----- EXERCISE INPUT

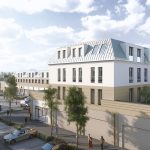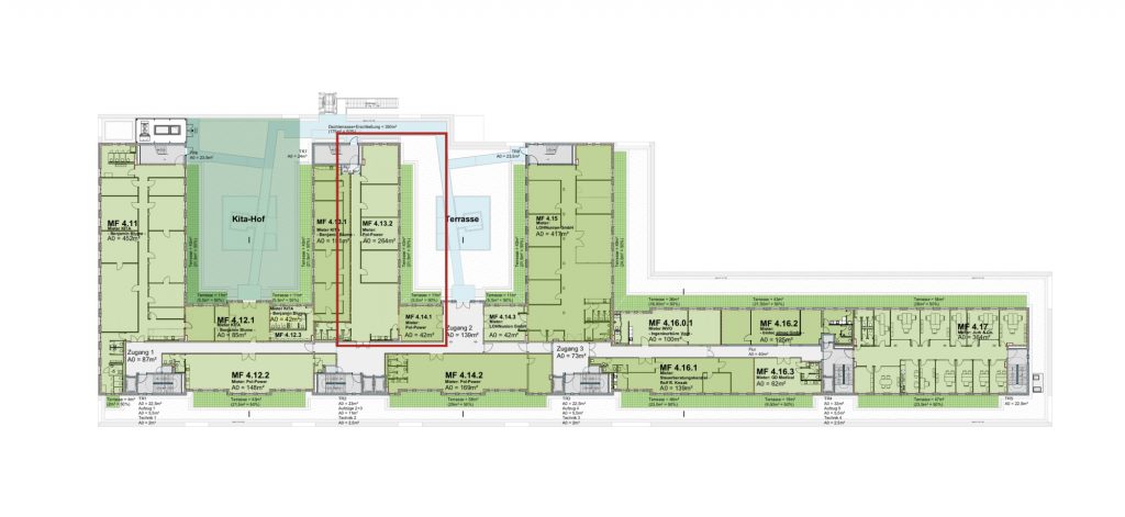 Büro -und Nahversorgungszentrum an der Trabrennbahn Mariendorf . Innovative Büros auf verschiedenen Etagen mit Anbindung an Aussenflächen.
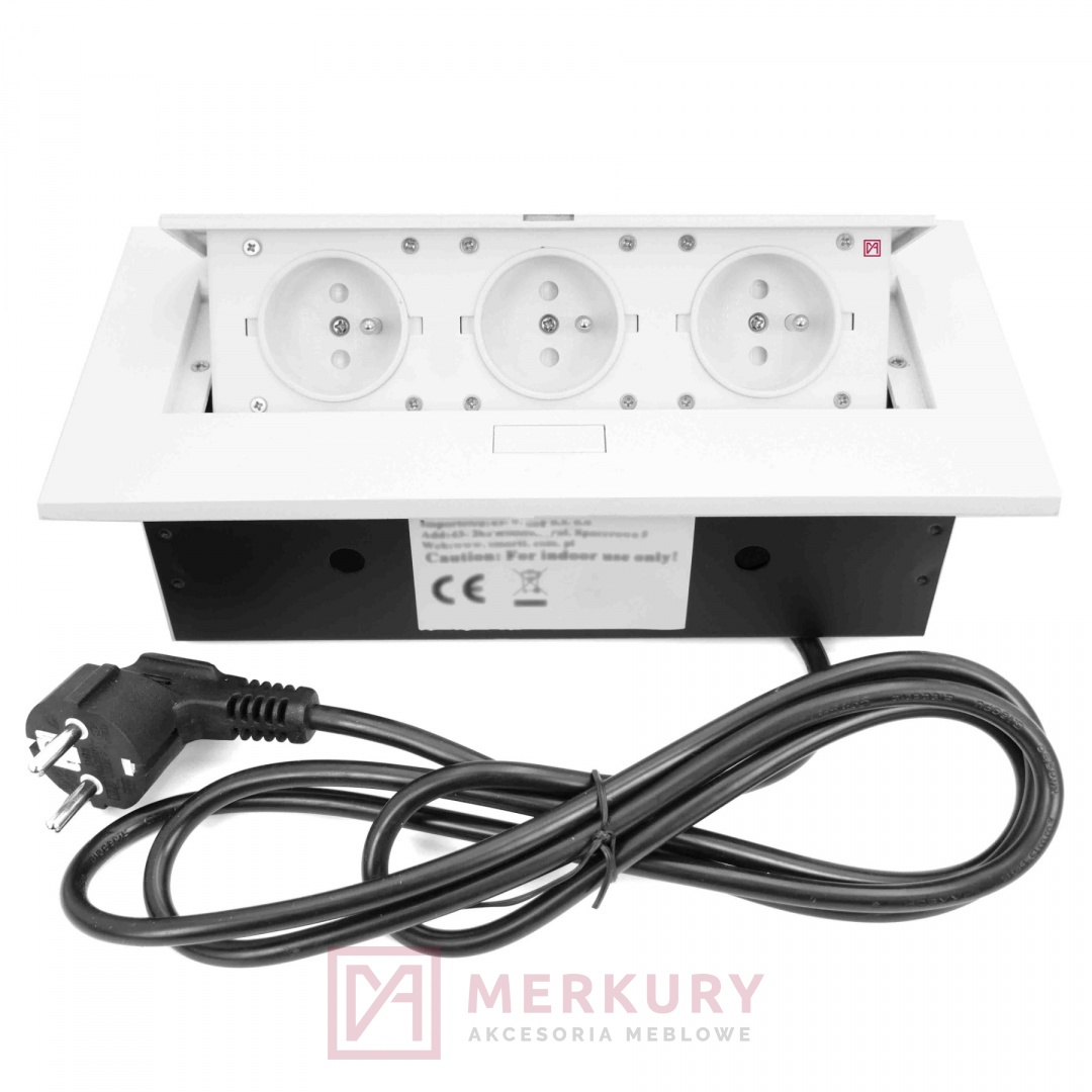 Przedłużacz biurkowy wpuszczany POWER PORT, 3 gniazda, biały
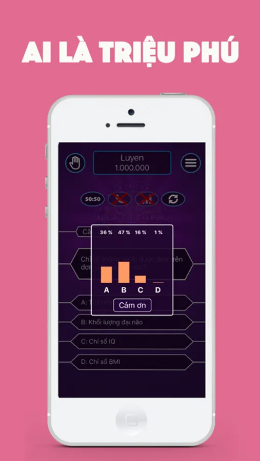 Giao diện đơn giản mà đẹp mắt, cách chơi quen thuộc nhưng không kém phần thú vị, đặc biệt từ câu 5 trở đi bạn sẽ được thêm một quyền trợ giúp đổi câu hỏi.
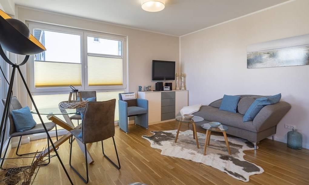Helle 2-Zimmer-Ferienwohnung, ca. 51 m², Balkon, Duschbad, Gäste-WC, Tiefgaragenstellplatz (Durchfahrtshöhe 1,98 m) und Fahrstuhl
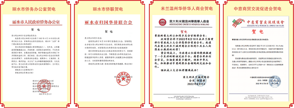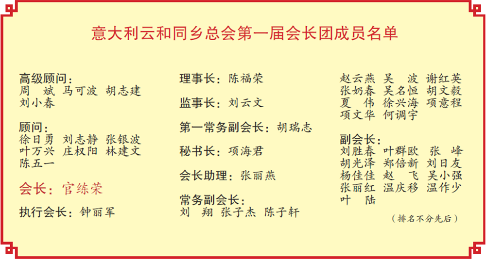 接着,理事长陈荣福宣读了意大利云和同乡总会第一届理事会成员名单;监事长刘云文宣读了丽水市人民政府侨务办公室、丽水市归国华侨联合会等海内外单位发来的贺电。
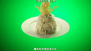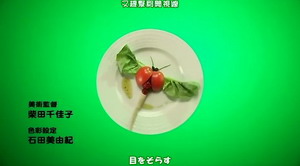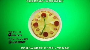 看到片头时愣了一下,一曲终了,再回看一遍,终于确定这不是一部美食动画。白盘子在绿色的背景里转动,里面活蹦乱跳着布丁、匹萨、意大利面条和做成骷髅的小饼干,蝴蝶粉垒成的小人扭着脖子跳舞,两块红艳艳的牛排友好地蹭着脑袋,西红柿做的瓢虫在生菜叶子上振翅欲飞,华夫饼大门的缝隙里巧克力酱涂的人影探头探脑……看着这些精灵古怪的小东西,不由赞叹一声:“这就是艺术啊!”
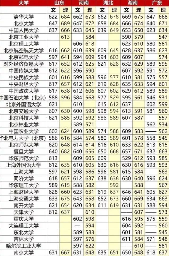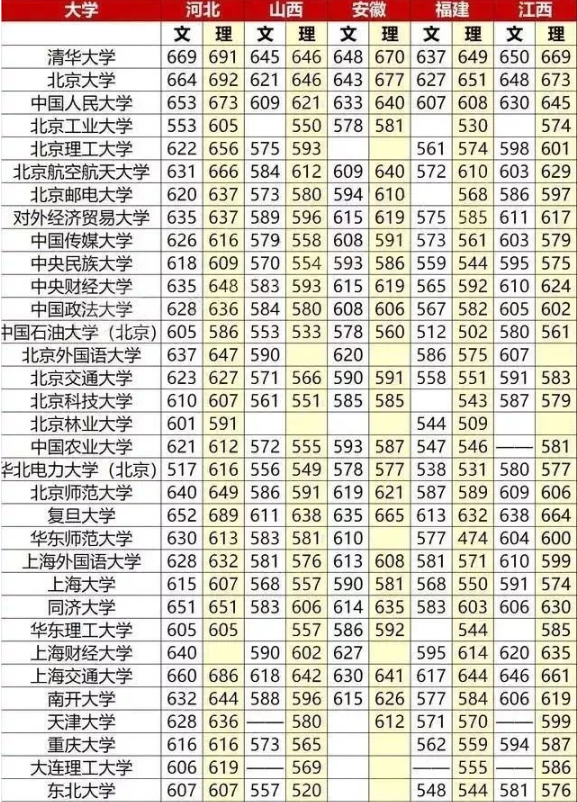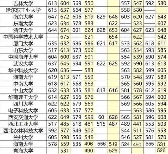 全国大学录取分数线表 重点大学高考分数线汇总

----------
----- EXERCISE INPUT

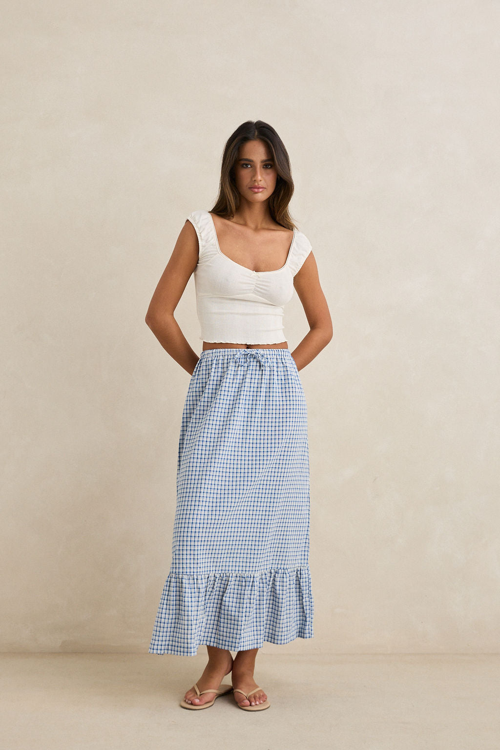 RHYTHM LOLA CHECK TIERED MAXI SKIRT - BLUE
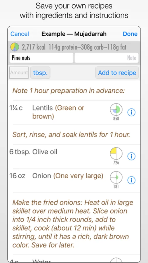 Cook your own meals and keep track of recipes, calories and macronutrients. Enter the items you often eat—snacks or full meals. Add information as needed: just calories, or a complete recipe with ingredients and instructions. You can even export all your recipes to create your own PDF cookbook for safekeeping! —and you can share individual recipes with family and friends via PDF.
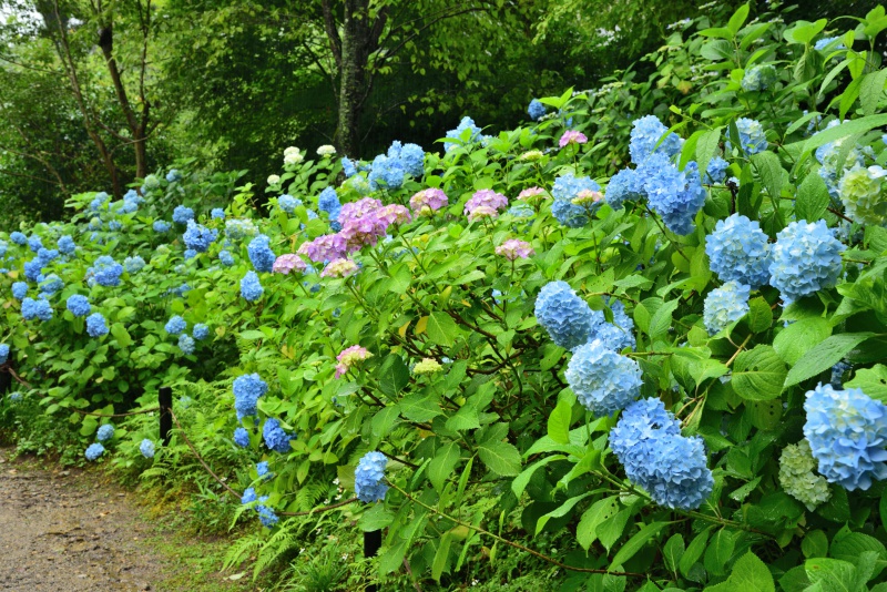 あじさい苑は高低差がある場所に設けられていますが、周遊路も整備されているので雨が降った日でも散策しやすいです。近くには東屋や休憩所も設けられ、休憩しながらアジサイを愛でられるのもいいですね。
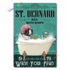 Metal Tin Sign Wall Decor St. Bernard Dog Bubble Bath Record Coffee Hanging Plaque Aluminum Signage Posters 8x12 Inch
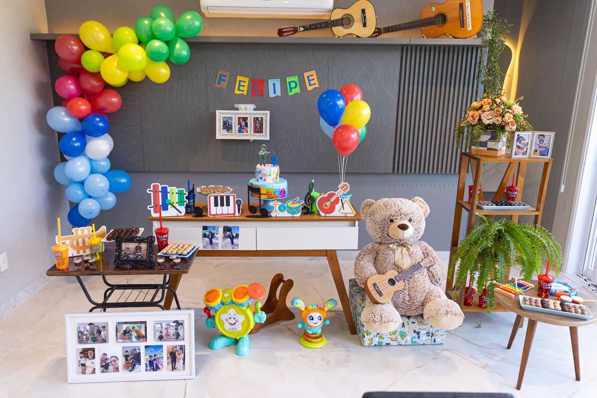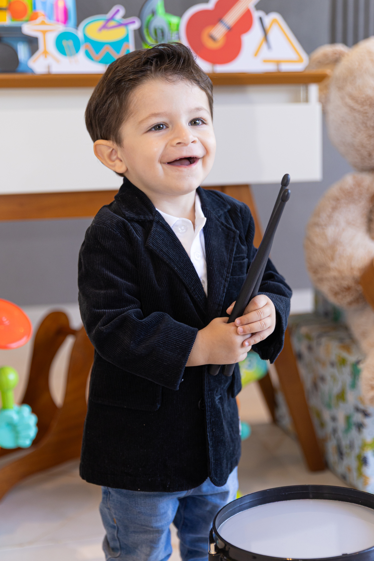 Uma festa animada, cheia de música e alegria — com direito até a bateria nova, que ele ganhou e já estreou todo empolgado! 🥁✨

----------

### REQUIREMENT
"Cook your own" marks the first line to copy, and "Uma festa animada, cheia" marks the last. Repeat that stretch above exactly, with no pictures.

### RESPONSE
 Cook your own meals and keep track of recipes, calories and macronutrients. Enter the items you often eat—snacks or full meals. Add information as needed: just calories, or a complete recipe with ingredients and instructions. You can even export all your recipes to create your own PDF cookbook for safekeeping! —and you can share individual recipes with family and friends via PDF.
 あじさい苑は高低差がある場所に設けられていますが、周遊路も整備されているので雨が降った日でも散策しやすいです。近くには東屋や休憩所も設けられ、休憩しながらアジサイを愛でられるのもいいですね。
 Metal Tin Sign Wall Decor St. Bernard Dog Bubble Bath Record Coffee Hanging Plaque Aluminum Signage Posters 8x12 Inch
 Uma festa animada, cheia de música e alegria — com direito até a bateria nova, que ele ganhou e já estreou todo empolgado! 🥁✨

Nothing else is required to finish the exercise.